■ Materials provided ■
Content starts
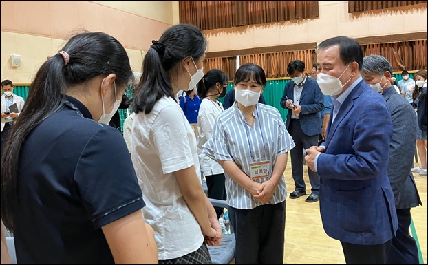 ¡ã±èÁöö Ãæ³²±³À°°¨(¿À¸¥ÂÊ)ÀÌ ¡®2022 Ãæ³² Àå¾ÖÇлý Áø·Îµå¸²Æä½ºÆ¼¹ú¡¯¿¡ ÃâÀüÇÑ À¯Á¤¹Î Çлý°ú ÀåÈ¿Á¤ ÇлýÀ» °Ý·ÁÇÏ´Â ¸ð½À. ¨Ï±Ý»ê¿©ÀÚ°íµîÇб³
Content ends
Content starts
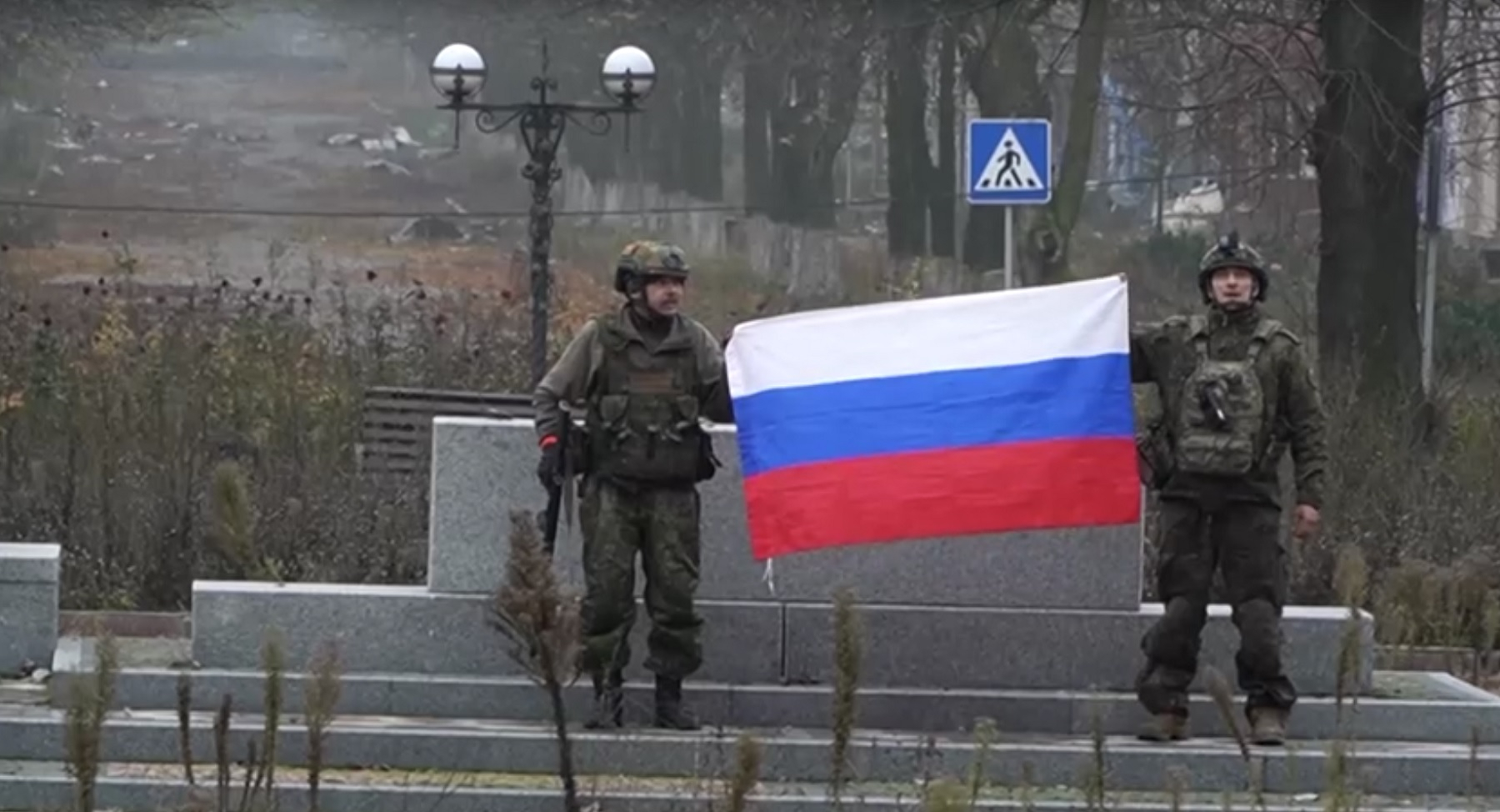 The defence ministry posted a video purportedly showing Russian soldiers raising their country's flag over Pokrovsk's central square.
Content ends
Content starts
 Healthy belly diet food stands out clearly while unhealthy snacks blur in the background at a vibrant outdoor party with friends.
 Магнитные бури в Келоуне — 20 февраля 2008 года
Content ends
■ Task description ■
Return, with no change at all, every line in the entries above from the line containing "Healthy belly diet" through the line containing "Магнитные бури в".

■ Answer section ■
 Healthy belly diet food stands out clearly while unhealthy snacks blur in the background at a vibrant outdoor party with friends.
 Магнитные бури в Келоуне — 20 февраля 2008 года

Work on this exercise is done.